Infra-red spectroscopy (IR): The IR was performed using a spectrum 400 using a neat liquid sample or dispersion of solid sample material in KBr.
Water content: Water content was measured by Karl-Fischer auto titrator Metrohm Titrando as per the methods known in the art.
To understand the present invention following preparative and testing examples are set forth, which are for the purpose of illustration only and are not to be construed as limiting the scope of the invention in any way.

EXAMPLES:
Example 1:
In a round bottom flask containing 450 ml of water cooled at 5°C, 15gm of selexipag was added. To this mixture, 125 ml of liq. ammonia was added dropwise with stirring at 5°C - 10°C to obtain the clear solution. The solution was cooled to 0°C - 5°C and then 132 ml of hydrochloric acid was added to this solution with stirring at 0°C - 5°C and maintained for 2-3 hrs.
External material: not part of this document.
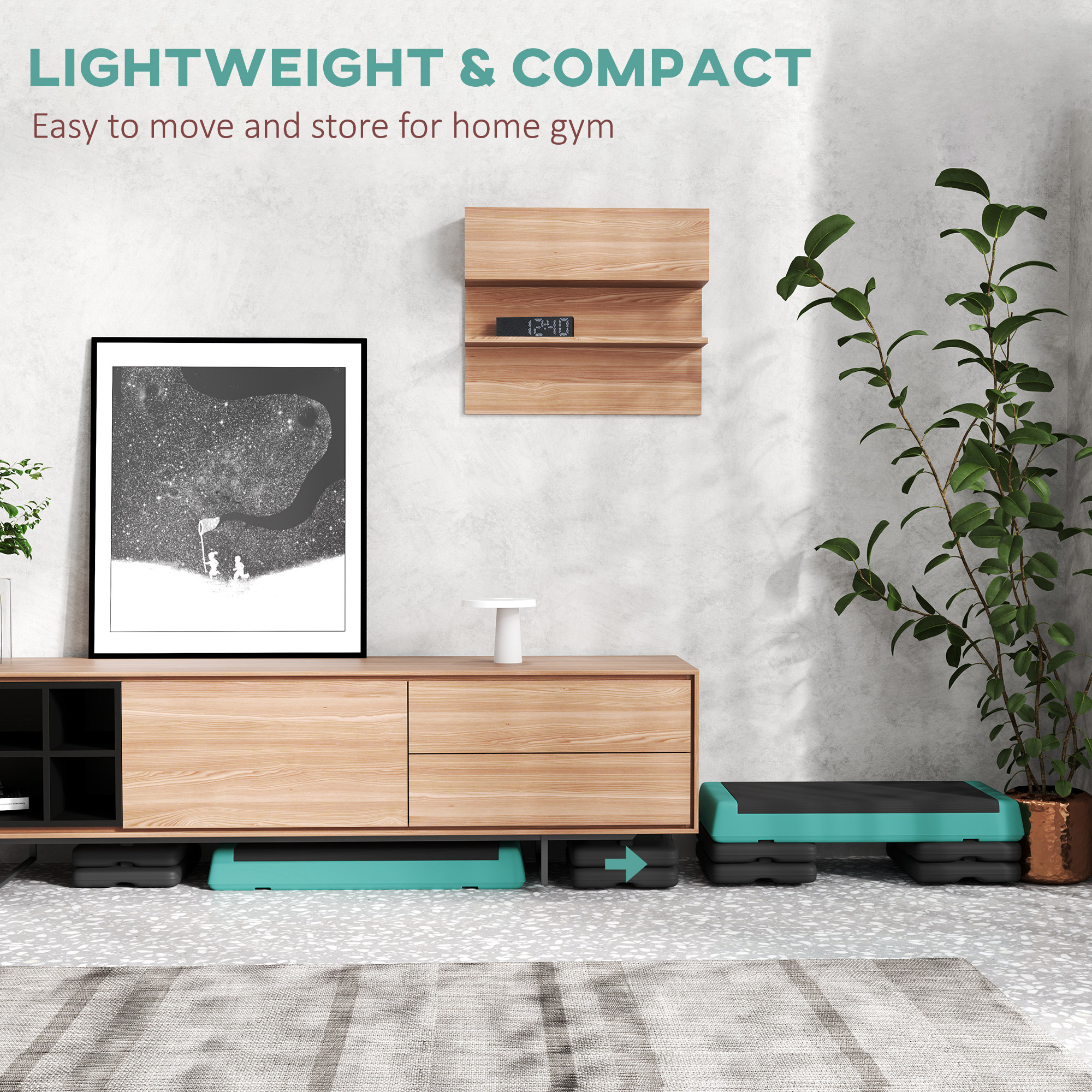 Step up your fitness with the SPORTNOW exercise stepper for home and gym! Adjust between three heights (10.5 cm, 15.5 cm or 20.5 cm) to suit your level. Great for step-ups, squats, push-ups and more to burn calories and build muscle. The anti-skid grooved EVA surface and stable base with non-slip footpads ensure safe workouts. Easily move and store it to save space. Transform any corner into a mini fitness centre at home, the office or anywhere!

The solid obtained was filtered and washed with 1000 ml water and dried in oven under vacuum to give selexipag form L1 characterized by X-ray diffraction pattern (PXRD) as depicted in Fig. 1, differential scanning calorimetry (DSC) as depicted in Fig. 2, thermal Gravimetric Analysis (TGA) as depicted in Fig. 3, and infra-red (IR) spectroscopy as depicted in Fig. 4.
Yield: 13.4 gm (89.33%)
Purity: 99.54% (HPLC).
,CLAIMS:1) Selexipag Form L1.
2) The selexipag Form L1 of claim 1, characterized by PXRD pattern having peaks at 4.6, 14.9, 15.5, 19.7, 20.9 and 21.4 ± 0.2° 2-theta.
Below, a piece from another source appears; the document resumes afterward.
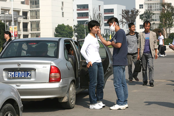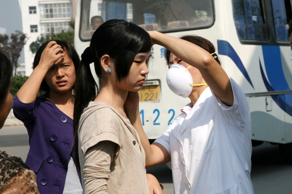 校医们为每一位新生测量体温

3) A process for preparation of selexipag Form L1 comprising the steps of
i) contacting Selexipag in water with a base,
ii) adding an acid, and
iii) isolating Selexipag Form L1.
4) The process of claim 3, wherein the base is ammonia.
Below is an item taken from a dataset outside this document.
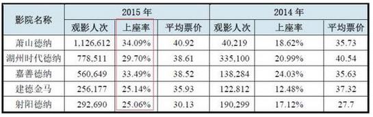 3、其2015年平均上座率為29.5%,遠(yuǎn)超全國(guó)平均水平,其影院運(yùn)營(yíng)能力需足夠強(qiáng)才能達(dá)此水平。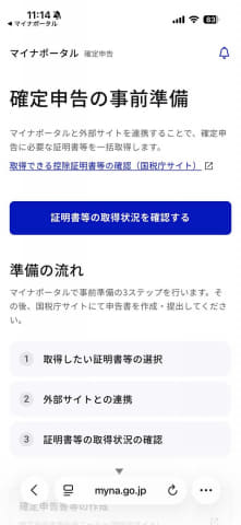 「確定申告コーナー」では毎年「マイナポータル連携」が強化されていますが、この事前準備が必要で、マイナポータルで確定申告を選ぶと、まずは「確定申告の事前準備」が表示されます。

5) The process of claim 3, wherein the acid is hydrochloric acid.
6) The selexipag Form L1 of claim 1, characterized in that the water content is 0.5% to about 4.0%.
7) The selexipag Form L1 of claim 1, having high performance liquid chromatography (HPLC) purity greater than 99%.
8) The selexipag Form L1 of claim 1, characterized by at least one of:
PXRD pattern substantially as depicted in Figure 1,
DSC pattern substantially as depicted in Figure 2,
TGA pattern substantially as depicted in Figure 3,
IR spectrum substantially as depicted in Figure 4.
9) The selexipag Form L1 of claim 1 for use in pharmaceutical composition comprising selexipag Form L1 and one or more pharmaceutically acceptable carriers, excipients or diluents.

10) The selexipag Form L1 of claim 1 for use in the treatment of pulmonary arterial hypertension.